• **Work request**
Your answer must be the lines of the entries below, exactly as written, from the first line through the line containing "Customize your diary".

• **Records for processing**
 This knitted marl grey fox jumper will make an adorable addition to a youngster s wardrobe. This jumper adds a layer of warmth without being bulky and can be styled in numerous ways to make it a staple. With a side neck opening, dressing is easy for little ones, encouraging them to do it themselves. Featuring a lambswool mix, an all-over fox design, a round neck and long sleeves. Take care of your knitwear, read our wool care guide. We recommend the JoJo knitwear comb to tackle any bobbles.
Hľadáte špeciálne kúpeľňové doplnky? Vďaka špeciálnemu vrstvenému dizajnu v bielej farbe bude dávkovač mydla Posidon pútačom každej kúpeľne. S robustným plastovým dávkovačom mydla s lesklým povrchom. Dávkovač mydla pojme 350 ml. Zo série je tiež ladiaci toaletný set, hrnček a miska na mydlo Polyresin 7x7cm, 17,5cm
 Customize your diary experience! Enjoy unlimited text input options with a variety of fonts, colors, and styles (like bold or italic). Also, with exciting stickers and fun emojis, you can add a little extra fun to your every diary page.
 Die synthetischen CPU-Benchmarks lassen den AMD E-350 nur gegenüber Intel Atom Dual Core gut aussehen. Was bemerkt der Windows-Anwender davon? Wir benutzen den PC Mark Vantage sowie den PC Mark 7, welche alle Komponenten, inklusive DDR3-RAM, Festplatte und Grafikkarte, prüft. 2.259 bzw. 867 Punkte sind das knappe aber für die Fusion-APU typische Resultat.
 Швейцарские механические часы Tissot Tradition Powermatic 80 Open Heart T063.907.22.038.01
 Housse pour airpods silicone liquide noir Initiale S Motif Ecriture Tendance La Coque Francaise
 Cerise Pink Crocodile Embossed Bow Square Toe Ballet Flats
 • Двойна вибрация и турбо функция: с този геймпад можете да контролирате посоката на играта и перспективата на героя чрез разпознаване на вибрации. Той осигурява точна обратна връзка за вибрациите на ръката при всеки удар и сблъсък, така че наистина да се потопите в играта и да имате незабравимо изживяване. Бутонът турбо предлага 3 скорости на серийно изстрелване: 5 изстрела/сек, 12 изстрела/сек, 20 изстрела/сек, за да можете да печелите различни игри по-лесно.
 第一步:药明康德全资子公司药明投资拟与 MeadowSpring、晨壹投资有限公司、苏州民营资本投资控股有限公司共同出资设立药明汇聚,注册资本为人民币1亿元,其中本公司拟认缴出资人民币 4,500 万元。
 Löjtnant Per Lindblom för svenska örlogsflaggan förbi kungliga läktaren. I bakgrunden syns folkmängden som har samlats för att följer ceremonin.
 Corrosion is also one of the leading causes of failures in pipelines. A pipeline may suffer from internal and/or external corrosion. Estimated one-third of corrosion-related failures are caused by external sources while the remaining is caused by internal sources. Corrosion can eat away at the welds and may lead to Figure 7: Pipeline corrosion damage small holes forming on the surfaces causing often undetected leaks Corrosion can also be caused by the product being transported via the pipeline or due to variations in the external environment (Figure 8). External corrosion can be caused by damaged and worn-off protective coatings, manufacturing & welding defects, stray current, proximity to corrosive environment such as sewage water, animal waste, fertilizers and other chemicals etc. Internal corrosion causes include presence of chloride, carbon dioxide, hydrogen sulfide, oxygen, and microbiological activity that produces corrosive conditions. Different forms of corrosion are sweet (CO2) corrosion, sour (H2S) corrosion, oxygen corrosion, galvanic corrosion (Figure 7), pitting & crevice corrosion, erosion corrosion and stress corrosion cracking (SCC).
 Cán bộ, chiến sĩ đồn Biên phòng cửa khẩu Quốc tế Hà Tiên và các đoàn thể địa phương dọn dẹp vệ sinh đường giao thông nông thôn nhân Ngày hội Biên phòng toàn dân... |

• **Answer for this exercise**
 This knitted marl grey fox jumper will make an adorable addition to a youngster s wardrobe. This jumper adds a layer of warmth without being bulky and can be styled in numerous ways to make it a staple. With a side neck opening, dressing is easy for little ones, encouraging them to do it themselves. Featuring a lambswool mix, an all-over fox design, a round neck and long sleeves. Take care of your knitwear, read our wool care guide. We recommend the JoJo knitwear comb to tackle any bobbles.
Hľadáte špeciálne kúpeľňové doplnky? Vďaka špeciálnemu vrstvenému dizajnu v bielej farbe bude dávkovač mydla Posidon pútačom každej kúpeľne. S robustným plastovým dávkovačom mydla s lesklým povrchom. Dávkovač mydla pojme 350 ml. Zo série je tiež ladiaci toaletný set, hrnček a miska na mydlo Polyresin 7x7cm, 17,5cm
 Customize your diary experience! Enjoy unlimited text input options with a variety of fonts, colors, and styles (like bold or italic). Also, with exciting stickers and fun emojis, you can add a little extra fun to your every diary page.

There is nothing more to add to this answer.